- [DATA SEGMENT]:
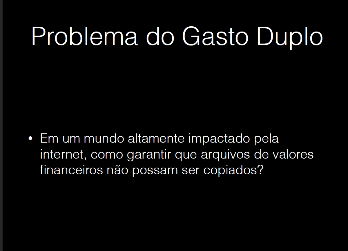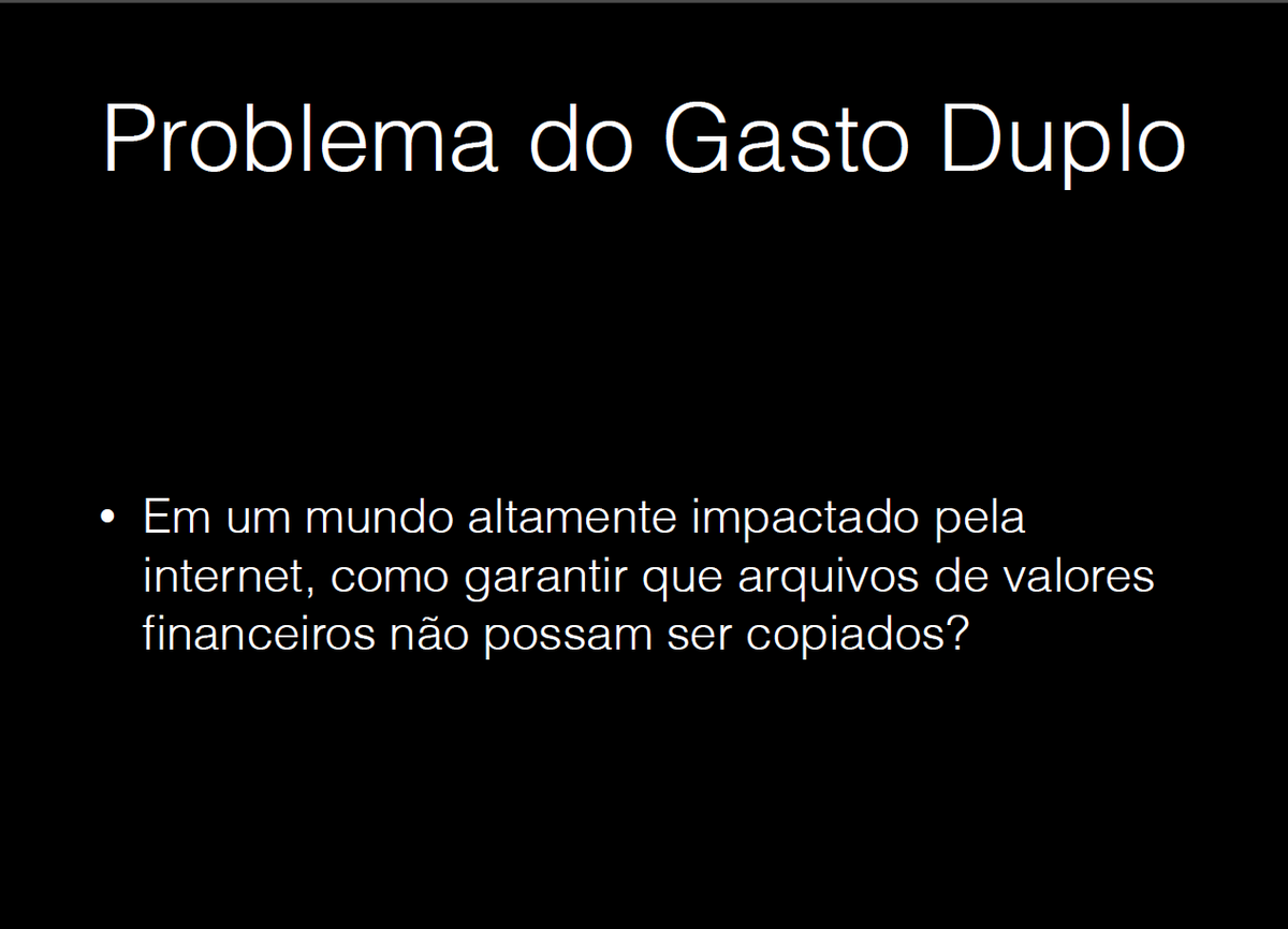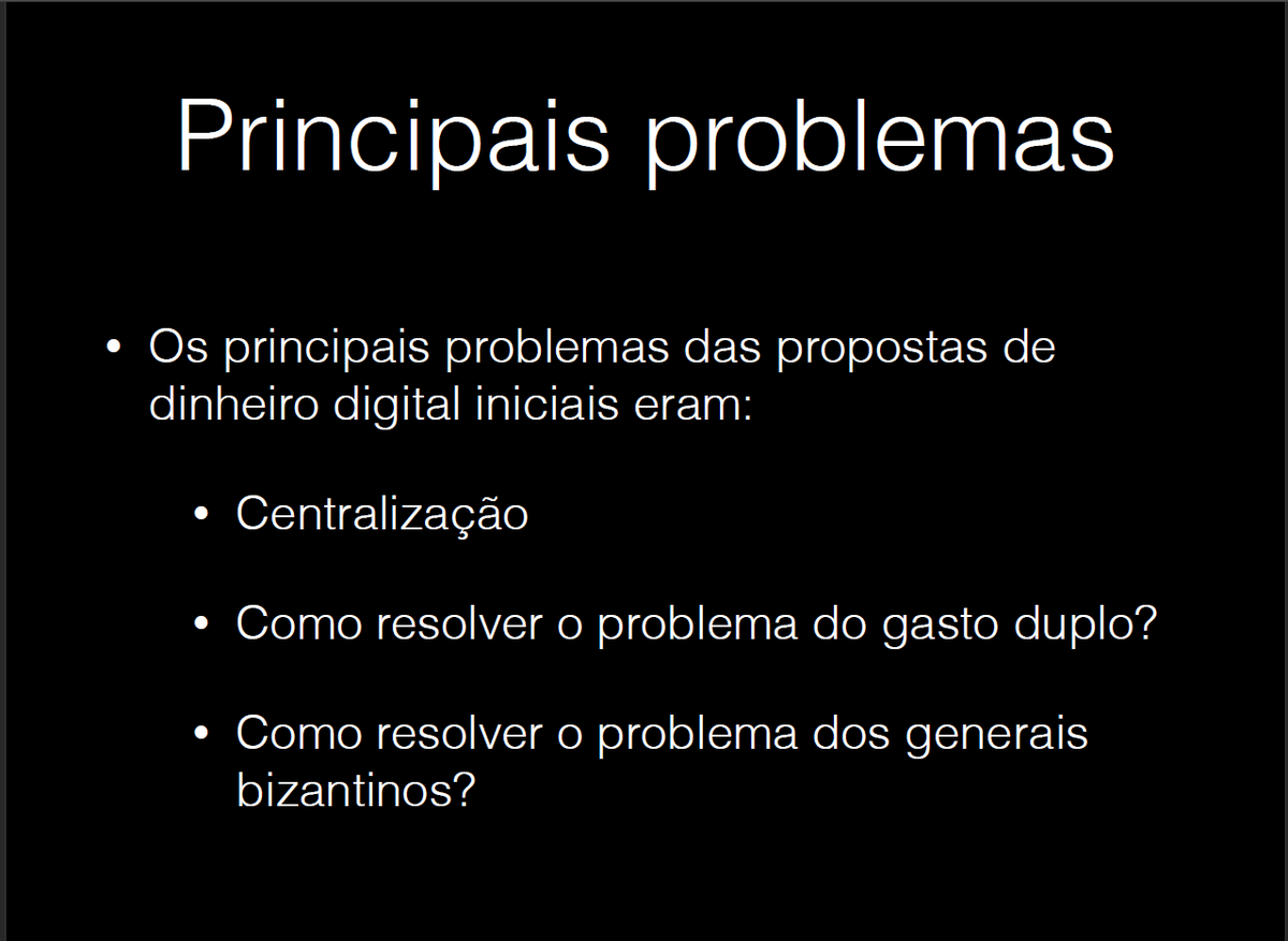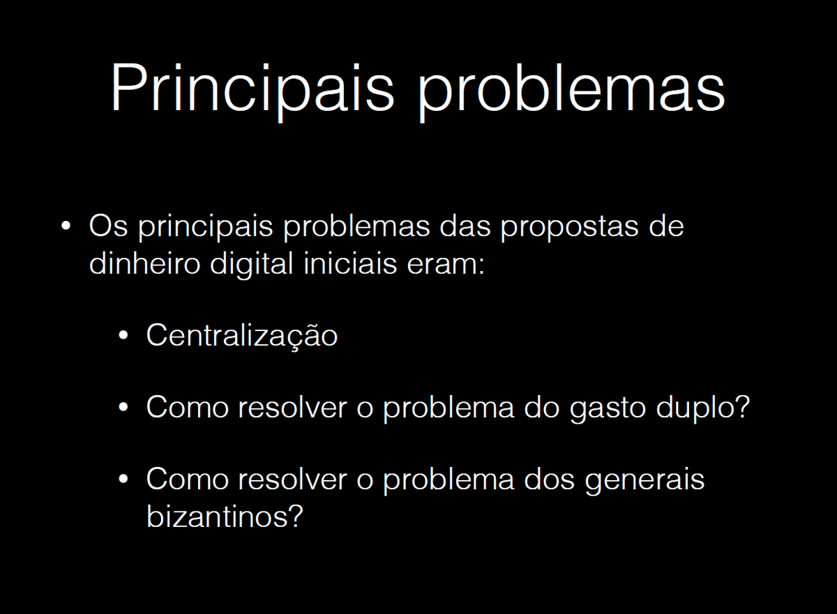 38) Voltamos aos principais problemas das soluções de dinheiro teletrônico anteriores ao Bitcoin. Lembrem-se: Gasto Duplo (cópias da unidade monetária) e Problema dos Generais Bizantinos (confiança em sistemas descentralizados)
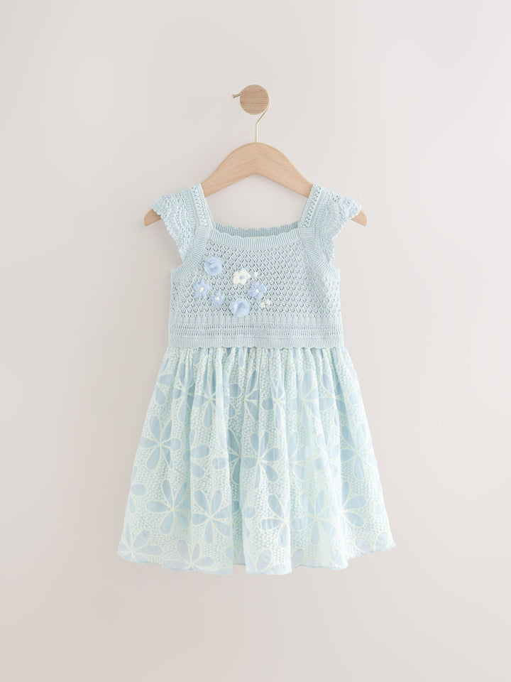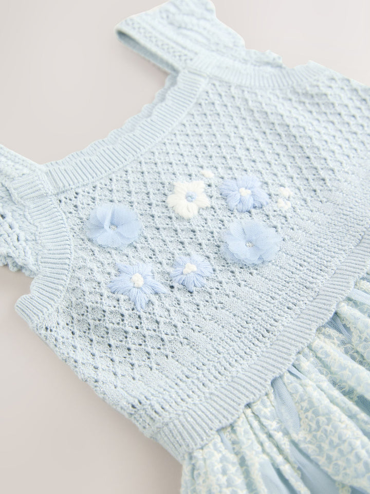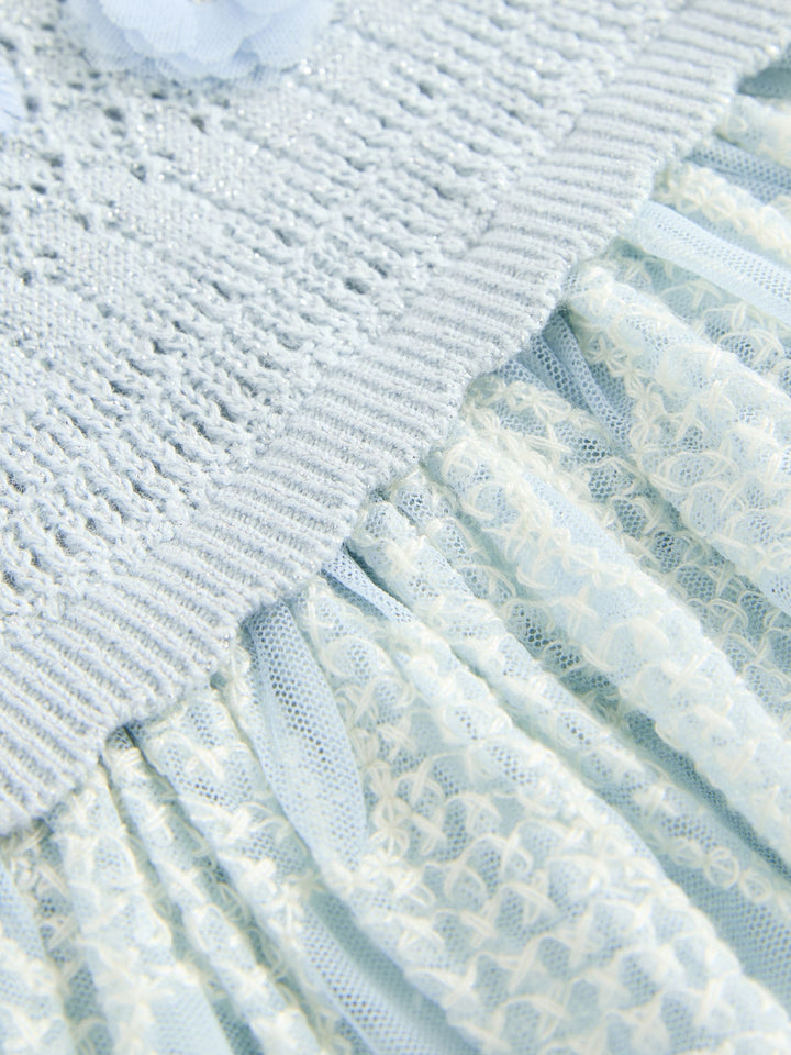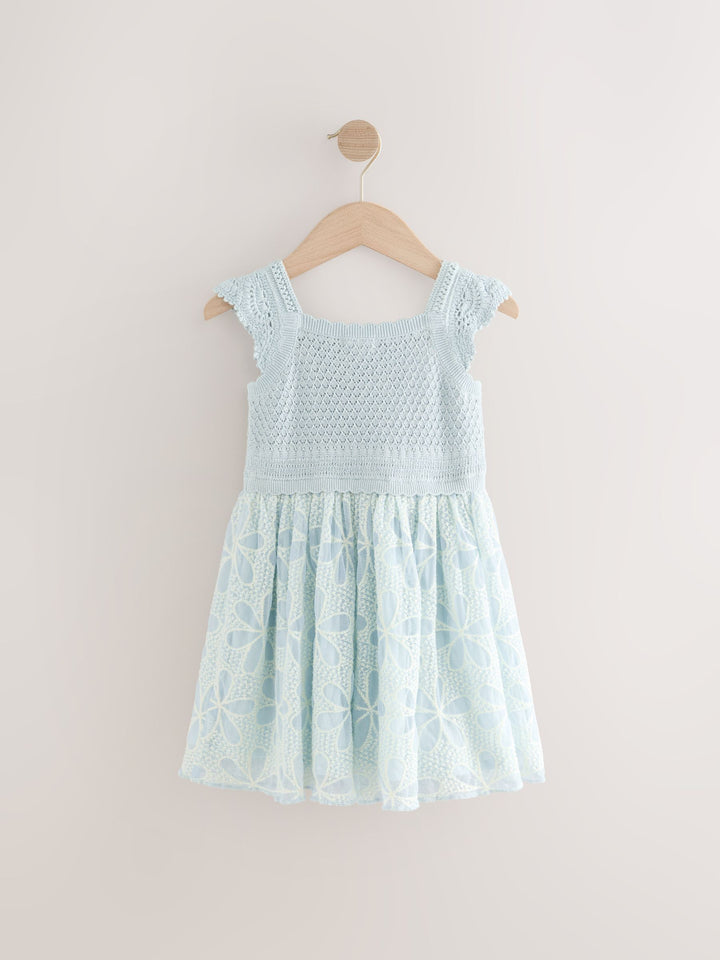This 2-in-1 light blue knitted dress has a knitted crochet bodice with embroidered detailing and a sleeveless shape, alongside a twirly mesh skirt. 2-in-1 Knitted bodice Crocheted detailing Mesh skirt Sleeveless Main 89% Cotton, 6% Metallised fibre, 5% Polyester. Mesh 100% Nylon. Embroidery 100% Polyester. Lining 100% Cotton. Country of Origin: India
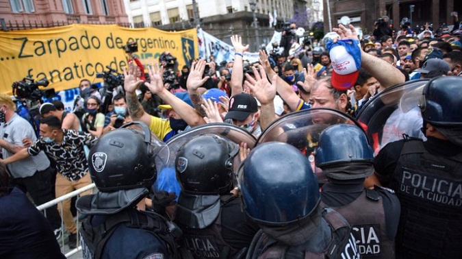 Algunas de las vallas colocadas para contener la marea de gente alrededor de la Plaza de Mayo cedieron ante la presión de los hinchas y cayeron al piso. Las imágenes reflejadas por varios medios de comunicación mostraron algún que otro golpe de los efectivos hacia la muchedumbre en un intento por contener los disturbios. Hubo amontonamientos, gritos e insultos hasta que finalmente la situación se controló y el ingreso al velatorio volvió a la normalidad.
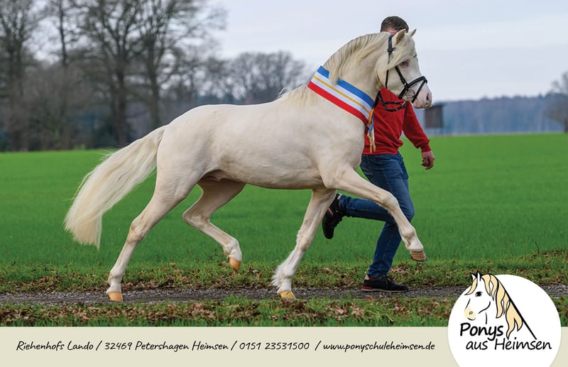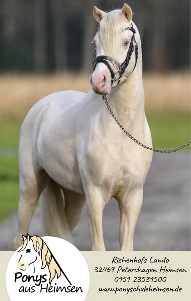 Riehenhofs Lando - Ponys aus Heimsen Mit enormen Bewegungspotential ausgestattet, faszinierte er in allen Belangen und wurde als Prämienhengst und zweiter Reservesieger der Körung in Redefin auf dem Endring herausgestellt. So überzeugte der Prämienhengst als Reservesieger auf seiner HLP in Offenbüttel mit einer sagenhaften 8,85. Jeden Tag sind wir aufs neue begeistert und werden bei seinem Anblick niemals müde - seine Ausstrahlung und Eleganz ziehen sofort in seinen Bann - ein Pony für alle Fäll und das große Viereck! Mit bester Abstammung gibt Lando seinen unverwechselbaren Welsh-Typ und freundliches Wesen sicher an seine Nachkommen weiter - und das in Sonderfarbe! Seine Arbeitseinstellung und Gutmütigkeit in der täglichen Arbeit, vorm Wagen und unter dem Sattel machen das Training mit ihm zu einer wahren Freude und sind das aller wichtigste für eine nervenstarke und leistungsbereite Pony-Nachzucht. Seine ersten beiden Fohlenjahrgänge waren hoch erfolgreiche Prämien- und Siegerfohlen und überzeugten auf ganzer Linie Richter, Züchter und Besitzer. Riehenhofs Lando stammt ab vom hoch erfolgreichen Prämien- und Leistungshengst Woldberg‘s Leonardi, der 2023 bei der FN-Bundeshengstschau auf der Grünen Woche in Berlin zum Bundes-Reservesieger im Schauwettbewerb der Welsh Ponys (Sektion B) gekürt wurde und die FN-Bundesprämie erhielt. Der Muttervater Timing, selbst ein Sohn des Vierspänner-Weltmeisters Tizian/Tobias Bücker, absolvierte seine HLP 2007 in Thüle mit 8,63 als Sieger, nahm dreimal an Weltmeisterschaften teil und verbuchte zahlreiche weitere internationale Siege und Platzierungen. Die Mutter Verb.Pr.St. Ella brachte noch die St.Pr.A. Riehenhofs Elba (v. Nilanthoeve‘s Zippo), die 2021 für die Elitestutenschau Weser-Ems in Hude-Wüsting zugelassen war. Mit diesem Hengst bieten wir den Garant für die Zucht von bewegungsstarken und zuverlässigen Kinder-, Dressur- und Fahrponys. Überzeugt Euch von unserem tollen Hengst für Eure Zuchtstuten! - Anerkannt für Westfalen, Weser-Ems und Hannover - Farbe Cremello (Farbgentest: A/a, Cr/Cr, e/e) - CA-frei, PSSM-frei - Unterbringung der Gaststuten im Offenstall, Ausbildung und Beritt zeitgleich möglich www.ponysausheimsen.de 015123531500

- [EXERCISE REQUIREMENTS]:
Would you output the lines above from the line holding "This 2-in-1 light" up to and including the line holding "Algunas de las", exactly and only those, with no pictures?

- [ANSWER SPACE]:
This 2-in-1 light blue knitted dress has a knitted crochet bodice with embroidered detailing and a sleeveless shape, alongside a twirly mesh skirt. 2-in-1 Knitted bodice Crocheted detailing Mesh skirt Sleeveless Main 89% Cotton, 6% Metallised fibre, 5% Polyester. Mesh 100% Nylon. Embroidery 100% Polyester. Lining 100% Cotton. Country of Origin: India
 Algunas de las vallas colocadas para contener la marea de gente alrededor de la Plaza de Mayo cedieron ante la presión de los hinchas y cayeron al piso. Las imágenes reflejadas por varios medios de comunicación mostraron algún que otro golpe de los efectivos hacia la muchedumbre en un intento por contener los disturbios. Hubo amontonamientos, gritos e insultos hasta que finalmente la situación se controló y el ingreso al velatorio volvió a la normalidad.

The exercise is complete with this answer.